◆ **Your objective**: Each and every line below goes into your answer unchanged, but leave out the images.

═══ Data for processing

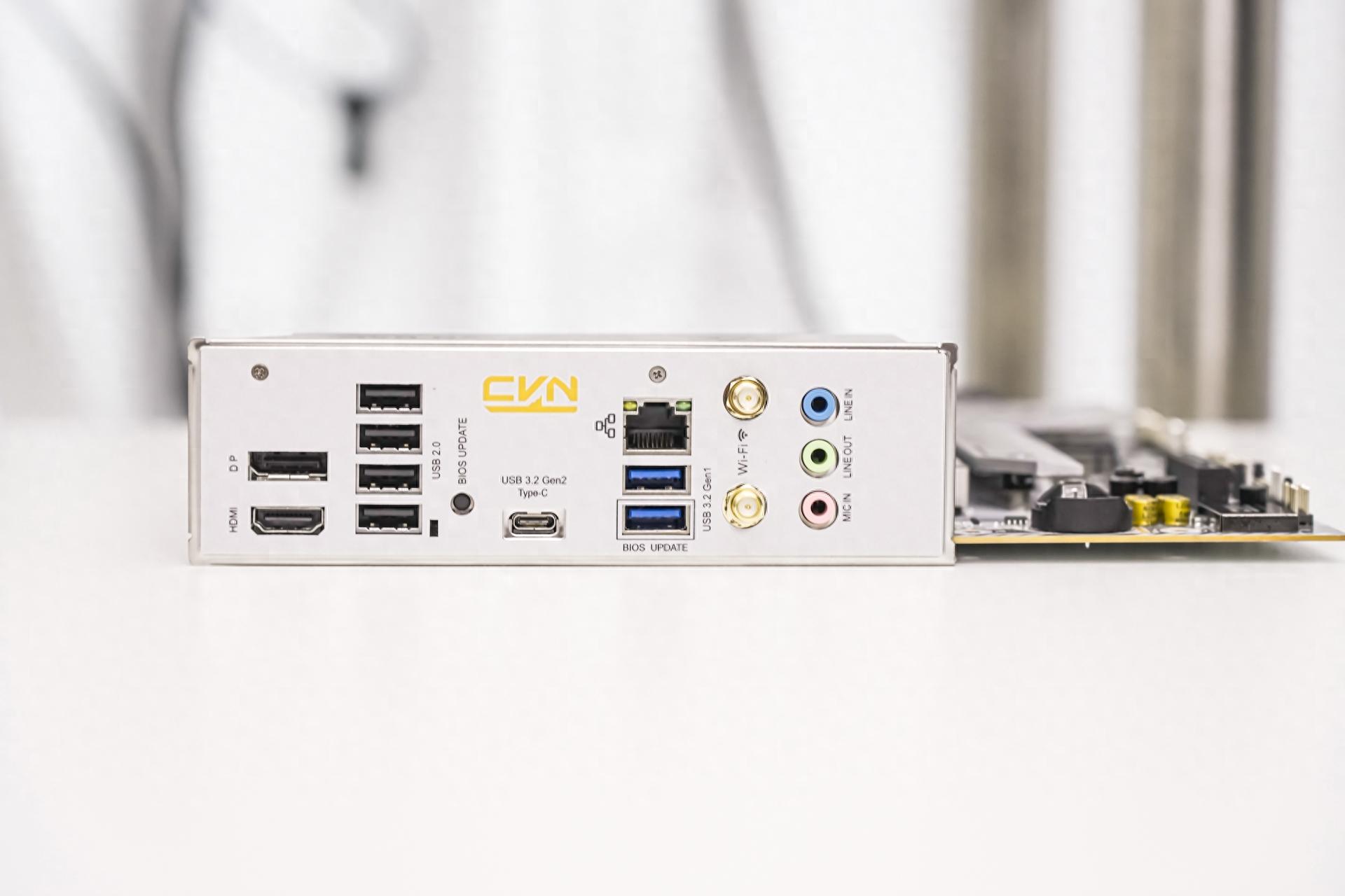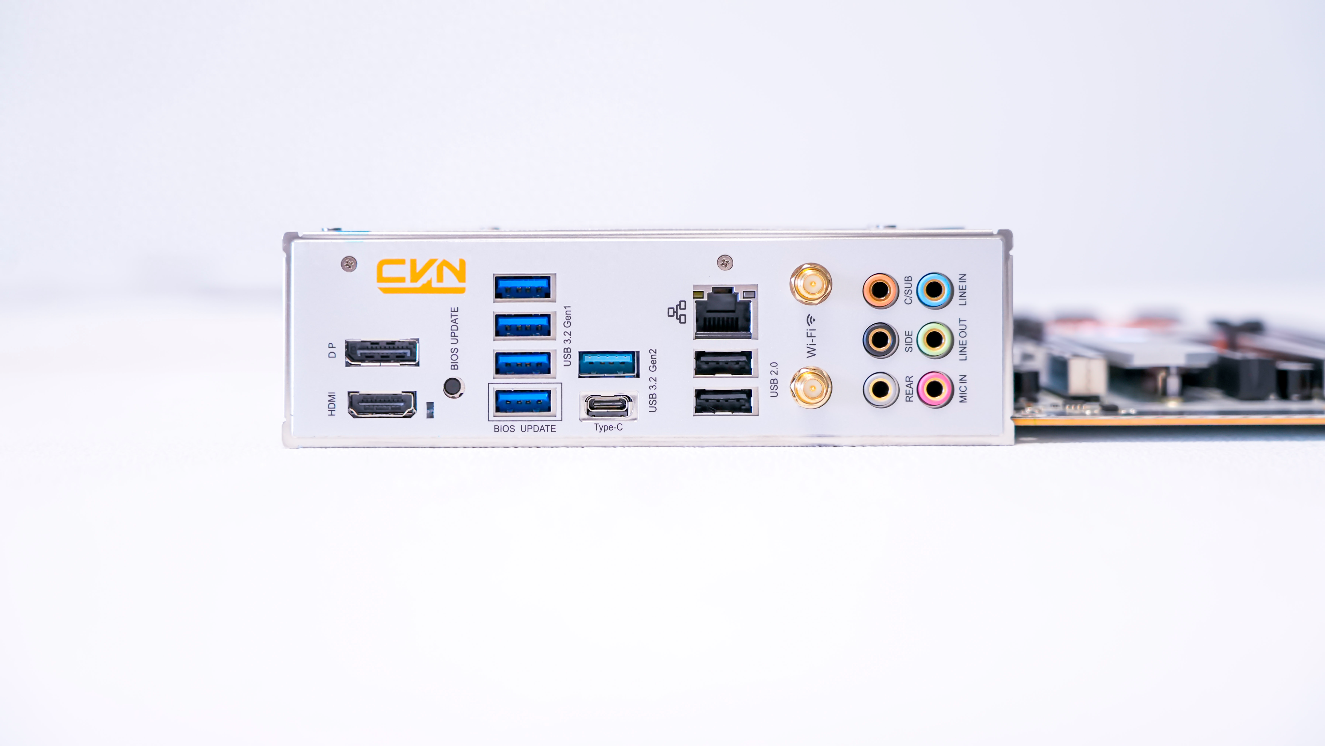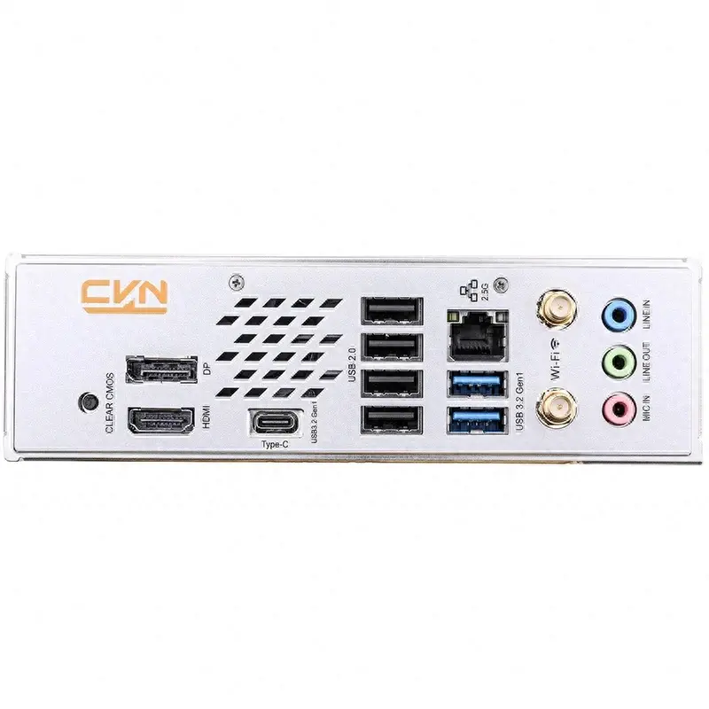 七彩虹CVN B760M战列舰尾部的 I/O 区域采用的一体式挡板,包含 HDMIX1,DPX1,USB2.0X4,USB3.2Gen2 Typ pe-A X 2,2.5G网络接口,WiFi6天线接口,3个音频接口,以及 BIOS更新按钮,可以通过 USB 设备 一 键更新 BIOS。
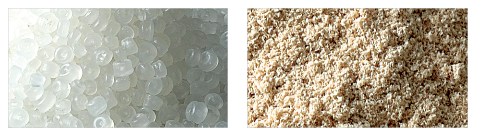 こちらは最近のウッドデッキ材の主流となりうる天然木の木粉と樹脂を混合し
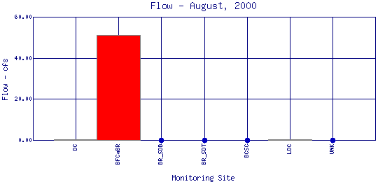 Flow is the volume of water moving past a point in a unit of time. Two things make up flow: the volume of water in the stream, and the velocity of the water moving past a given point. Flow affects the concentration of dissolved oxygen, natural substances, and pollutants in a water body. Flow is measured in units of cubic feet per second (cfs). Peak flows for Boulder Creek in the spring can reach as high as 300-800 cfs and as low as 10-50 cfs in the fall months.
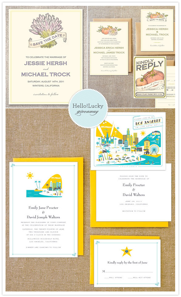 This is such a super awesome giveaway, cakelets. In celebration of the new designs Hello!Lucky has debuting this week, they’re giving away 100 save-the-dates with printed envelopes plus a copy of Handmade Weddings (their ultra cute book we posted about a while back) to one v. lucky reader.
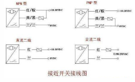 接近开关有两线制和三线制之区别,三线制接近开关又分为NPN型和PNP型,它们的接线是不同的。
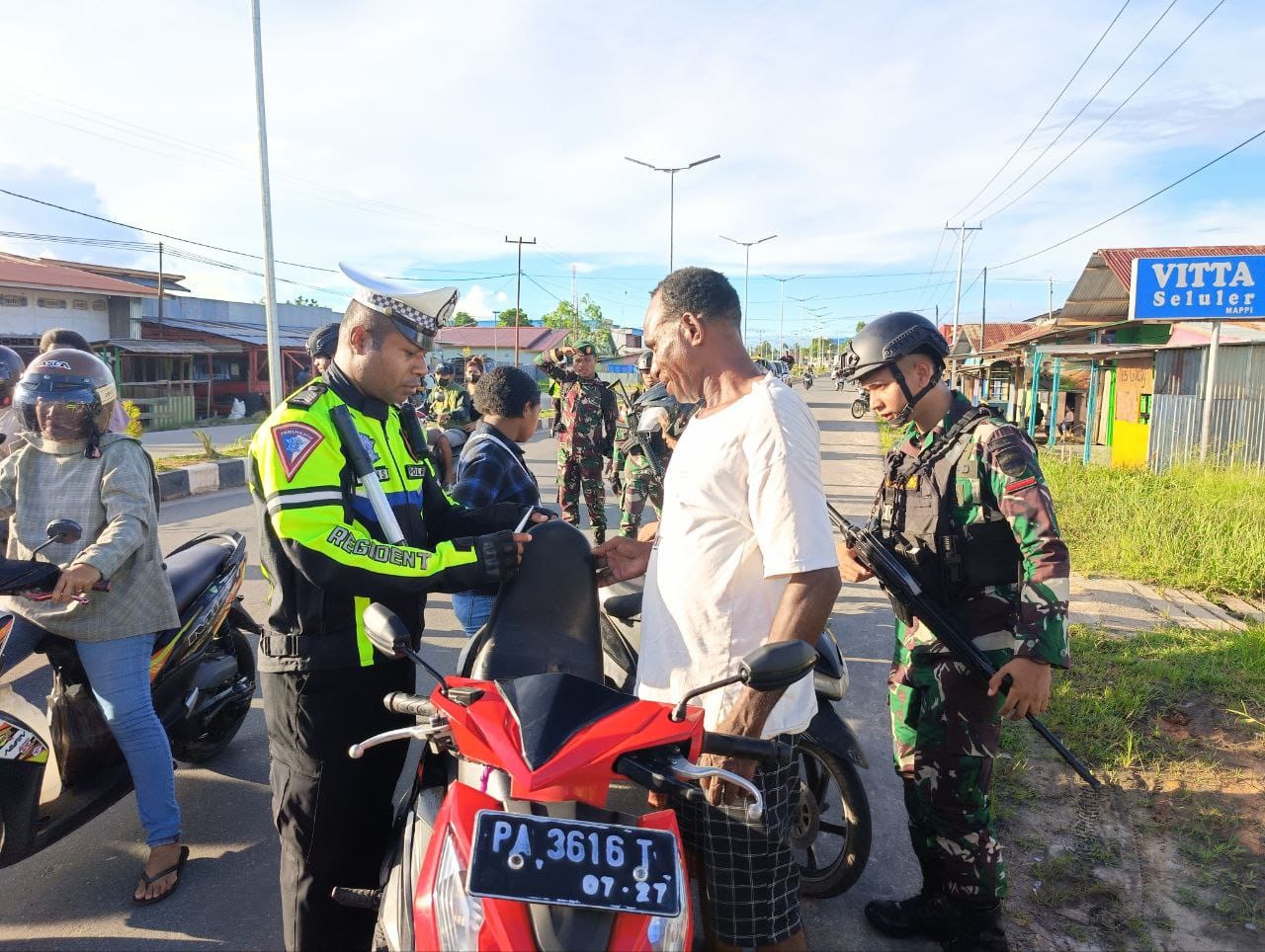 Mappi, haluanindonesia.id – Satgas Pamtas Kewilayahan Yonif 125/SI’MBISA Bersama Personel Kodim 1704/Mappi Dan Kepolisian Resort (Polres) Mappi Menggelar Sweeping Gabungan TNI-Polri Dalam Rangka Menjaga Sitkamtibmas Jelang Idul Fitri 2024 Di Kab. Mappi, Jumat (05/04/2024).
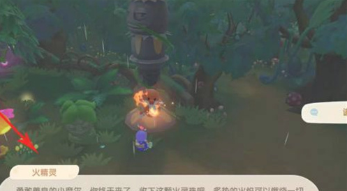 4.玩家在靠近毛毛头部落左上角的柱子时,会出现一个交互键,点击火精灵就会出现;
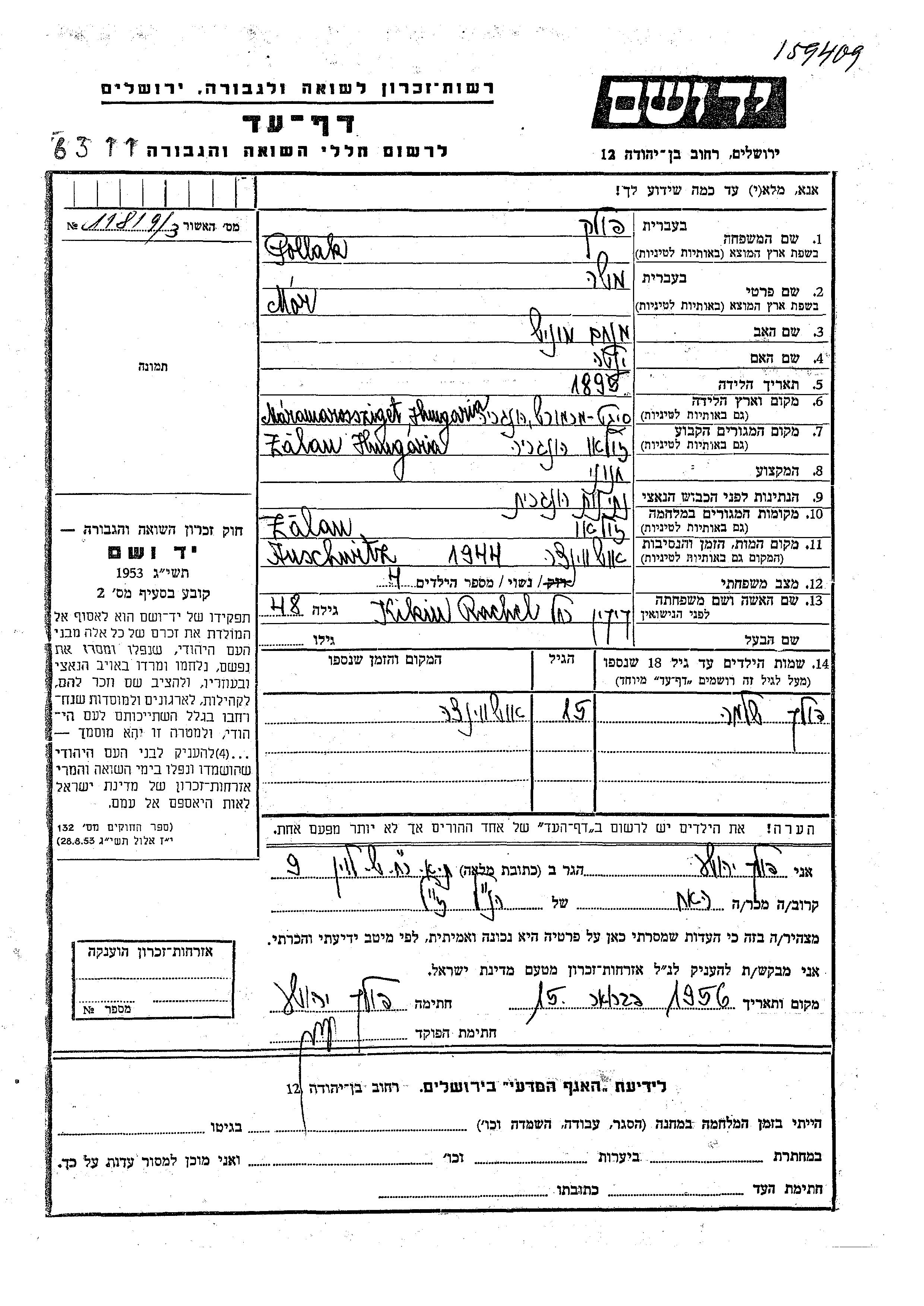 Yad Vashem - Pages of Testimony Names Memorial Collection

══════

◆ **Exercise response**:
 七彩虹CVN B760M战列舰尾部的 I/O 区域采用的一体式挡板,包含 HDMIX1,DPX1,USB2.0X4,USB3.2Gen2 Typ pe-A X 2,2.5G网络接口,WiFi6天线接口,3个音频接口,以及 BIOS更新按钮,可以通过 USB 设备 一 键更新 BIOS。
 こちらは最近のウッドデッキ材の主流となりうる天然木の木粉と樹脂を混合し
 Flow is the volume of water moving past a point in a unit of time. Two things make up flow: the volume of water in the stream, and the velocity of the water moving past a given point. Flow affects the concentration of dissolved oxygen, natural substances, and pollutants in a water body. Flow is measured in units of cubic feet per second (cfs). Peak flows for Boulder Creek in the spring can reach as high as 300-800 cfs and as low as 10-50 cfs in the fall months.
 This is such a super awesome giveaway, cakelets. In celebration of the new designs Hello!Lucky has debuting this week, they’re giving away 100 save-the-dates with printed envelopes plus a copy of Handmade Weddings (their ultra cute book we posted about a while back) to one v. lucky reader.
 接近开关有两线制和三线制之区别,三线制接近开关又分为NPN型和PNP型,它们的接线是不同的。
 Mappi, haluanindonesia.id – Satgas Pamtas Kewilayahan Yonif 125/SI’MBISA Bersama Personel Kodim 1704/Mappi Dan Kepolisian Resort (Polres) Mappi Menggelar Sweeping Gabungan TNI-Polri Dalam Rangka Menjaga Sitkamtibmas Jelang Idul Fitri 2024 Di Kab. Mappi, Jumat (05/04/2024).
 4.玩家在靠近毛毛头部落左上角的柱子时,会出现一个交互键,点击火精灵就会出现;
 Yad Vashem - Pages of Testimony Names Memorial Collection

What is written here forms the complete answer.